**Work instructions**
After locating "Na hrnku se", return its line and all lines that follow through the end of the listing below, exactly; leave out pictures.

** Recorded data follows **

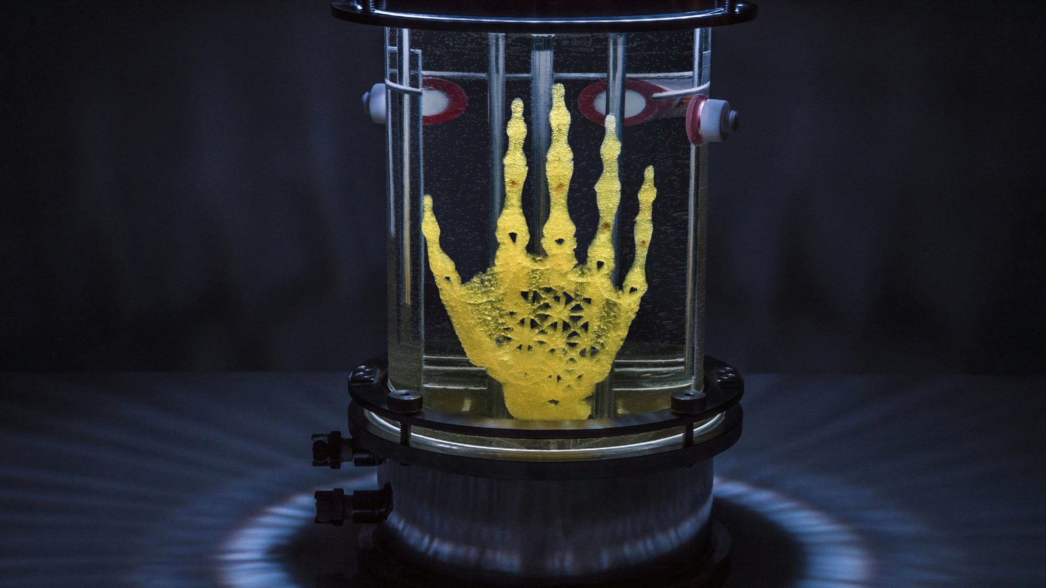 Housed in a mechanical womb of scientific equipment, the human hand-like design appears to glow from within, lit from the interior and reflecting out into surrounding darkness. Conceptually, the human hand design was selected because this part of the human skeleton is one of the few structures that is instantly recognizable as uniquely human. The ornate aesthetic was derived from functional design requirements: the overall lattice was created for biomimetic osseointegration; on the microscopic level the scaffold mimics the trabecular structure of bone, the shape that triggers stem cells to become bone cells. The distinct yellow color of the sculpture was required in order to 3D print with such detail in a biodegradable, biocompatible material. Although this specific sculpture is intended to live outside of the Although this specific sculpture is intended to live outside of the body, the design suggests that future versions could potentially be implanted and integrated with existing biological features.
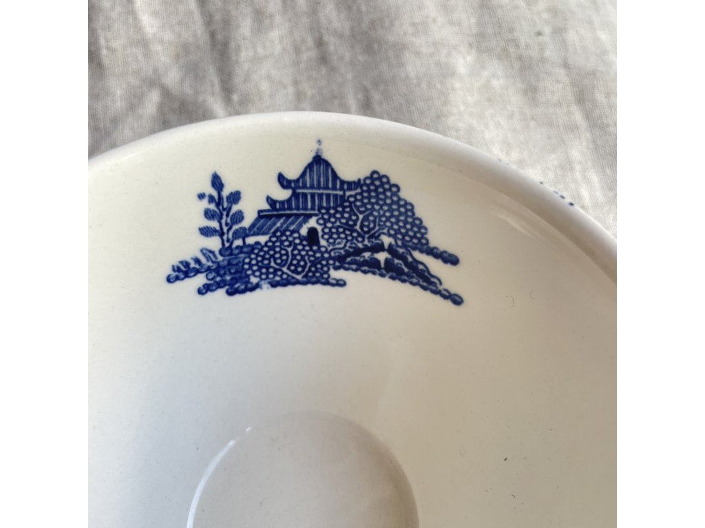 Na hrnku se rozvíjí známá krajinná scéna – pagoda, most, loďka a dvojice ptáků v letu – provedená v sytě kobaltové modři na bílém podkladu.
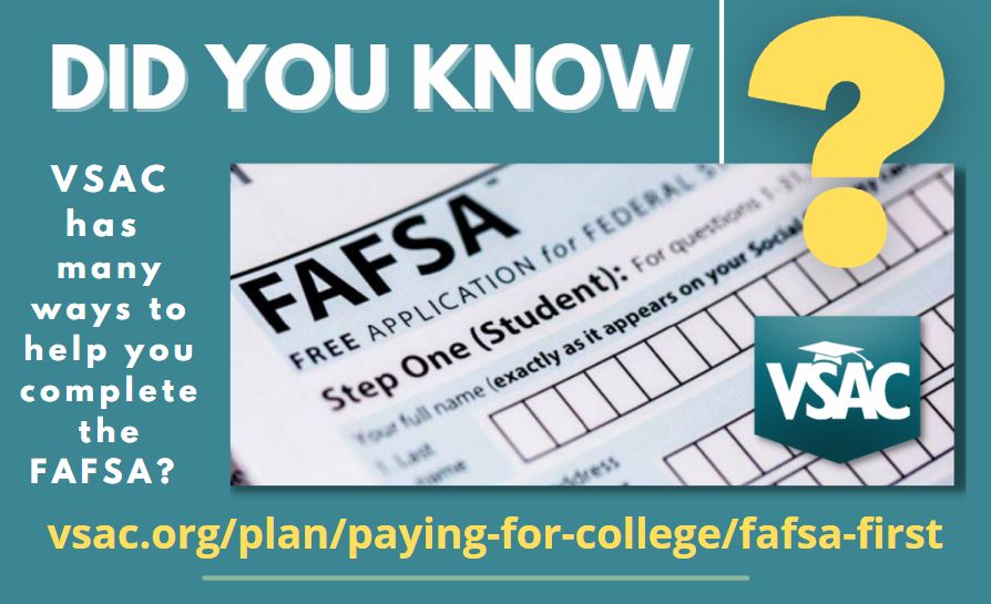 - There are also FAFSA Forms Workshops at high schools throughout the state. Check the VSAC Calendar of Events for more details.

** End of Recorded data **

**Answer to the exercise**
 Na hrnku se rozvíjí známá krajinná scéna – pagoda, most, loďka a dvojice ptáků v letu – provedená v sytě kobaltové modři na bílém podkladu.
 - There are also FAFSA Forms Workshops at high schools throughout the state. Check the VSAC Calendar of Events for more details.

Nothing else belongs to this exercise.